Dynamic electricity pricing—which charges consumers more during hours when a lot of people are consuming electricity and it costs more to produce, and less during hours when fewer people are consuming electricity—could encourage consumers to reduce their peak-time electricity use when electricity is more costly and valuable. But because of political constraints, many countries do not mandate such time-of-use policies and rely on voluntary participation. To optimize the success of these programs, EPIC Scholar Koichiro Ito, an associate professor at the University of Chicago Harris School of Public Policy, and his co-authors evaluate which types of consumers conserve the most and what role an upfront financial incentive plays in cutting electricity use.
The researchers conducted a field experiment in Yokohama, Japan, where the government provided smart meters to more than 3,000 households. The researchers randomly distributed $60 take-up incentive to a segment of these households to encourage them to take up a dynamic pricing program. They also calculated how much each household could be expected to save if they decided to switch based on their past electricity usage patterns and used this information to further encourage households to switch to dynamic pricing.
The researchers found that consumers who would expect to save money without changing their behaviors were more likely to choose to opt into the new pricing scheme. Fifty percent of those expected to save joined the program. But the key to the program’s success is not getting consumers to join, but getting consumers to join who will change their behavior and use less energy in peak hours. Who are those consumers? That’s what the researchers sought to find out.

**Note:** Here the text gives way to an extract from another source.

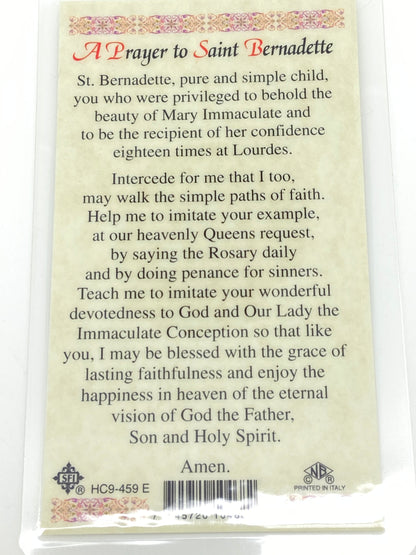 St. Bernadette Laminated Holy Card (Plastic Covered)

The researchers discover that those who are eager to join the dynamic pricing (the lower numbers on the x-axis) reduce peak-time electricity usage (the negative numbers on the y-axis) if they actually join the program. These consumers conserve up to 1 kWh per hour. In contrast, those who are reluctant to take up the dynamic pricing (the higher numbers on the x-axis) do not conserve much (hovering around zero on the y-axis) even if they are incentivized to join the program. This is where the optimal amount of financial incentive for take-up becomes so important, the researchers note: the right take-up incentive encourages more consumers to join the program and leads to electricity conservation, but too high of an incentive could encourage consumers to join who would conserve little to no electricity.